EXERCISE DIRECTIONS:
Copy exactly the lines starting at the one that contains "925 pure silver" and running through the end of the material below. Exclude any pictures.

[[ INPUT DATA open ]]

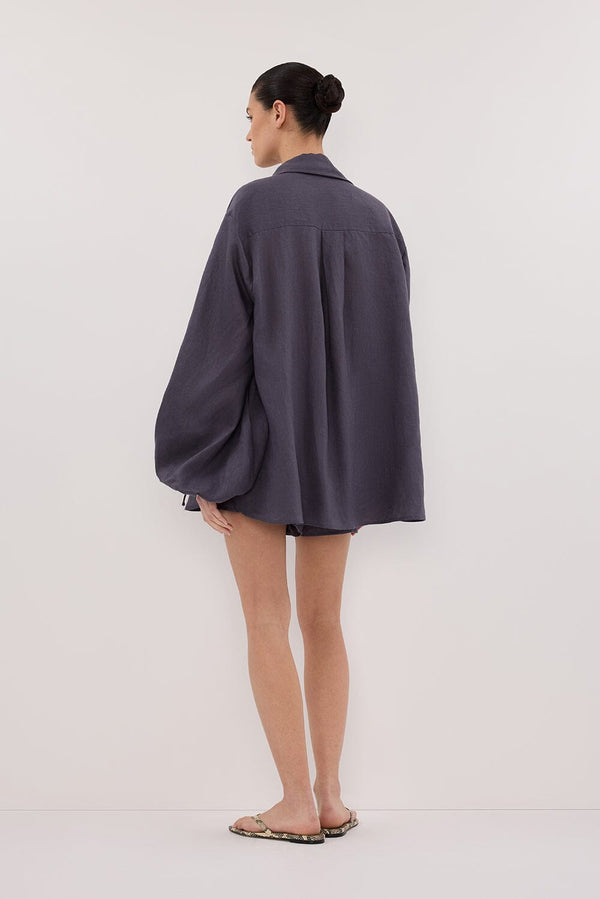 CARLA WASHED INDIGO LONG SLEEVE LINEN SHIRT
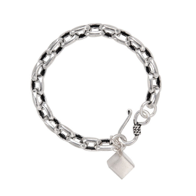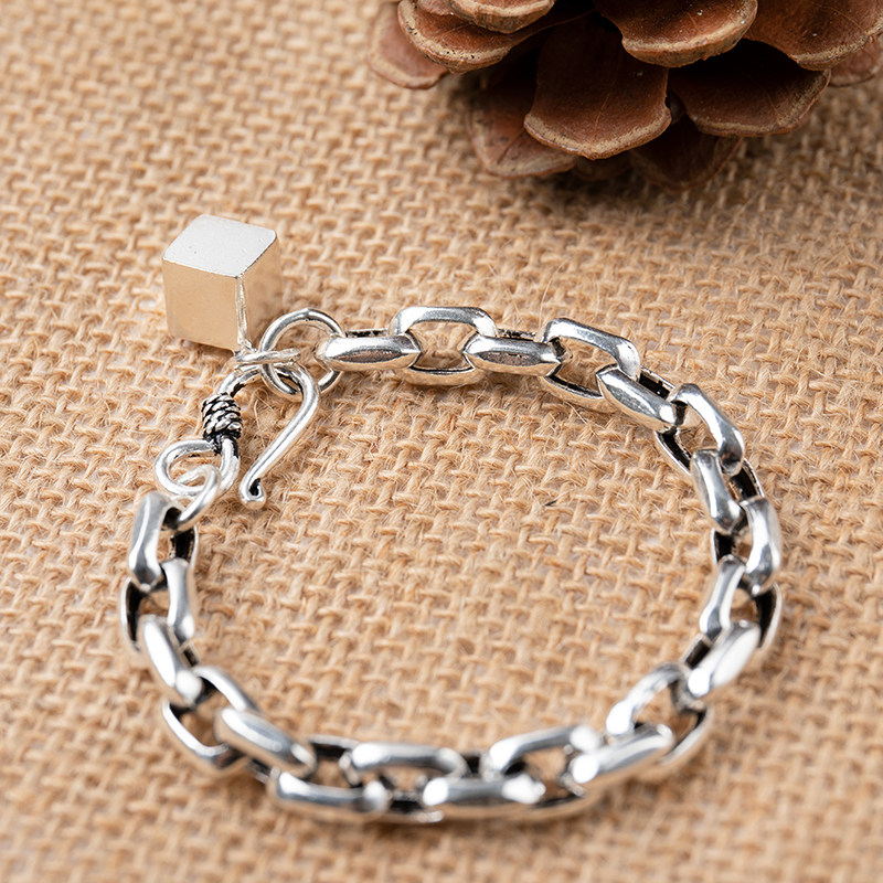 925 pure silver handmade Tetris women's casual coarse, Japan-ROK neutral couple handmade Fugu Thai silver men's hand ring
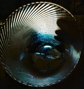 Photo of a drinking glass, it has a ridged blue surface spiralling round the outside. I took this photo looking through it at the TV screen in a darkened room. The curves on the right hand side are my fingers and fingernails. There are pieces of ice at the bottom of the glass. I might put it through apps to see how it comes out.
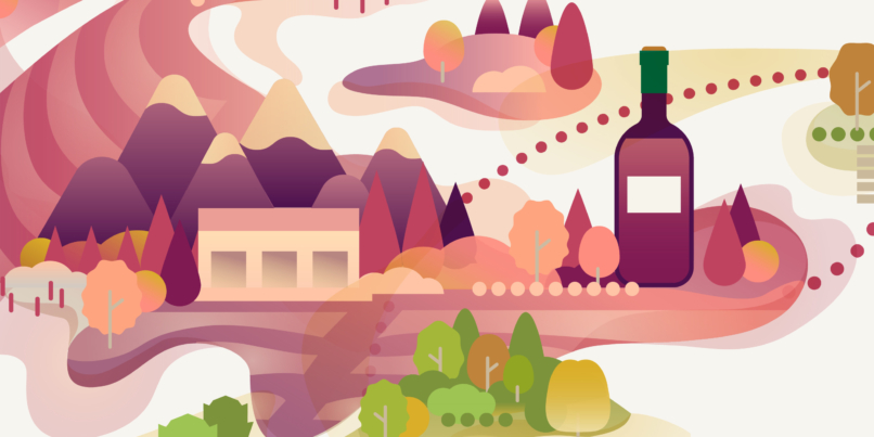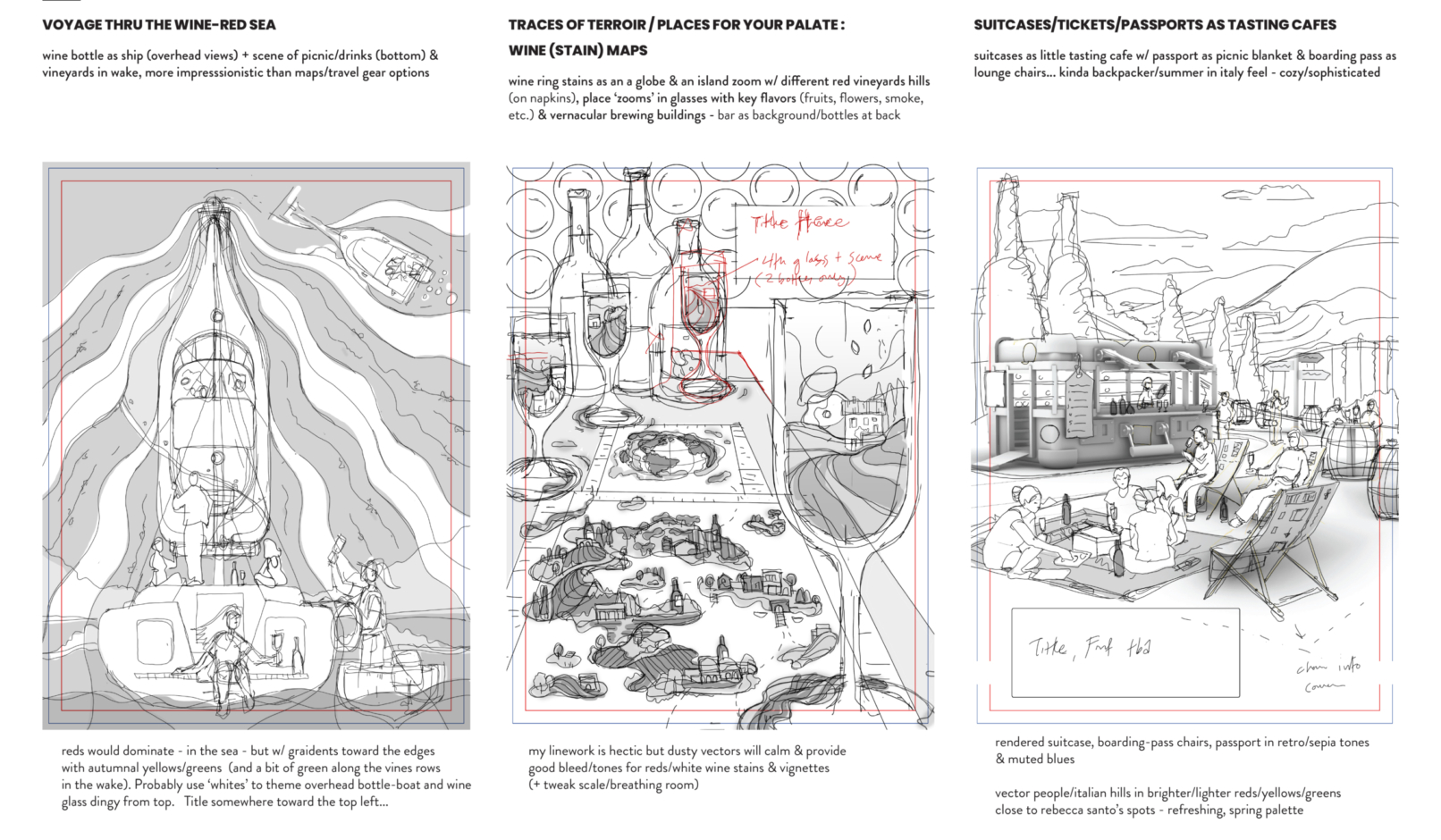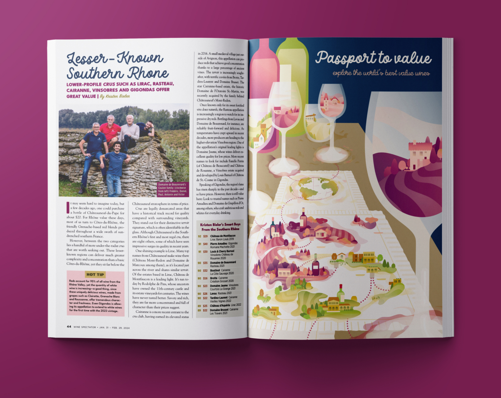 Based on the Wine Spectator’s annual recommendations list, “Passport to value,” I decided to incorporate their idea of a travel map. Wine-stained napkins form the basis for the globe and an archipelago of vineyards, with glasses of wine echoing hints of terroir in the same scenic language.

[[ INPUT DATA closed ]]

REPLY:
 925 pure silver handmade Tetris women's casual coarse, Japan-ROK neutral couple handmade Fugu Thai silver men's hand ring
 Photo of a drinking glass, it has a ridged blue surface spiralling round the outside. I took this photo looking through it at the TV screen in a darkened room. The curves on the right hand side are my fingers and fingernails. There are pieces of ice at the bottom of the glass. I might put it through apps to see how it comes out.
 Based on the Wine Spectator’s annual recommendations list, “Passport to value,” I decided to incorporate their idea of a travel map. Wine-stained napkins form the basis for the globe and an archipelago of vineyards, with glasses of wine echoing hints of terroir in the same scenic language.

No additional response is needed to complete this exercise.